Reverse Engineering UIKit to Fix Our Top Crash
Our most recent releases of PSPDFKit for iOS introduced many new features, such as Electronic Signatures, Instant Comments, and the revamped undo and redo architecture. But we’ve also been consistently working hard on under-the-hood enhancements and bug fixes. One such improvement was fixing an extremely hard-to-reproduce crash that, incidentally, was our top reported crash for a very long time.
I took on the challenge of hunting down the root cause of this crash and addressing it. This blog post describes my process of identifying it, reverse engineering UIKit to understand what was going on, and coming up with a fix.
Compiling Information to Reproduce It
We had been gathering information about this crash for a long time before I took it on. The issue had been open for more than a year, and we had multiple engineers attempting to resolve it. Eventually, we managed to gain a vague understanding of the conditions that caused it.
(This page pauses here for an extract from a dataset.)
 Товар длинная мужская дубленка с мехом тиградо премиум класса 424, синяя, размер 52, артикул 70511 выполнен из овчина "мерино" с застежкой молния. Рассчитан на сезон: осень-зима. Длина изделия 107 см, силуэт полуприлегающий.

In short, the crash occurred when viewing documents and changing pages using the page curl transition style; it was caused by an assertion failure inside UIPageViewController
. We knew that a set of specific conditions had to be satisfied for it to occur:
-
Configuring the view controller to use a page curl transition style and double-page mode
-
Putting the device in landscape orientation
-
Going to the beginning of the document with the first page on the right
-
Double-tapping near the center of the screen to zoom in
-
Swiping left from near the center of the screen to go to the next page
Even when repeating the above steps, the chance of stumbling upon the crash was still very low: It took multiple attempts of zooming in and randomly swiping to trigger it. I knew I had to gather more information.
Looking at the Crash Logs
So next, I logged into our crash reporting service to collect the symbolicated .crash
files. I chose one of them and found three clues inside: the device hardware model (iPad11,6), the iOS version (14.4), and where the exception was raised:
-[UIPageViewController _validatedViewControllersForTransitionWithViewControllers:animated:] + 516 (UIPageViewController.m:1224)
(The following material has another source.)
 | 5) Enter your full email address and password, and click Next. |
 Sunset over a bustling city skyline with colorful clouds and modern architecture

The above means that the exception was raised in the UIPageViewController
class, in the _validatedViewControllers…
method, and at offset 516
, which corresponds to line 1224
in UIPageViewController.m
. Without access to UIKit’s source files, the file name and line number are meaningless. But what about the offset?
Hopping into Hopper
To find out what exact condition was causing the exception to be raised, I needed to disassemble UIKit — and not just any UIKit — the exact UIKit binary from iOS 14.4 compiled for iPad11,6. I went to the IPSW Downloads website and found the specific firmware archive I needed. I downloaded it, unzipped it, and mounted the largest DMG I found inside, having correctly assumed that it must contain the file system. 🛎
On iOS, framework binaries can’t be found at their classic /System
location. Instead, they’re all packed into a shared DYLD cache at /System
.
Fortunately, Hopper, my disassembler of choice, has supported disassembling DYLD caches for quite some time! I opened it and was presented with the choice of a concrete framework to disassemble.
Choosing UIKit would lead me nowhere. That’s because, beginning with iOS 12, Apple started using UIKit as a wrapper around UIKitCore, where all the implementation now lives. So I went with the latter and left my desk to make myself a cup of coffee. The disassembly process takes time.
After Hopper was done disassembling, I searched for the _validatedViewControllers…
symbol in the Procedures tab, selected Navigate → Go To Offset in Procedure, and entered 516
— the value from the crash report. I landed at a line that raises an exception with the exact message we were seeing:
Unfortunately, the surrounding pseudocode Hopper produced wasn’t helpful: It involved too many incomprehensible instructions that were hard to reason about. It turned out that the disassembly of Apple Silicon binaries generally produces a more cryptic pseudocode than the disassembly of Intel binaries.
To not spend more time in an evident dead end, I disassembled the UIKit binary built for the iOS Simulator instead. It can be found at Xcode.app
.
I searched for _validatedViewControllers…
again, but due to the architectural differences between Apple Silicon and Intel CPUs, offset 516
no longer pointed to anything useful. So I just looked for the exception message and found the equivalent offset myself.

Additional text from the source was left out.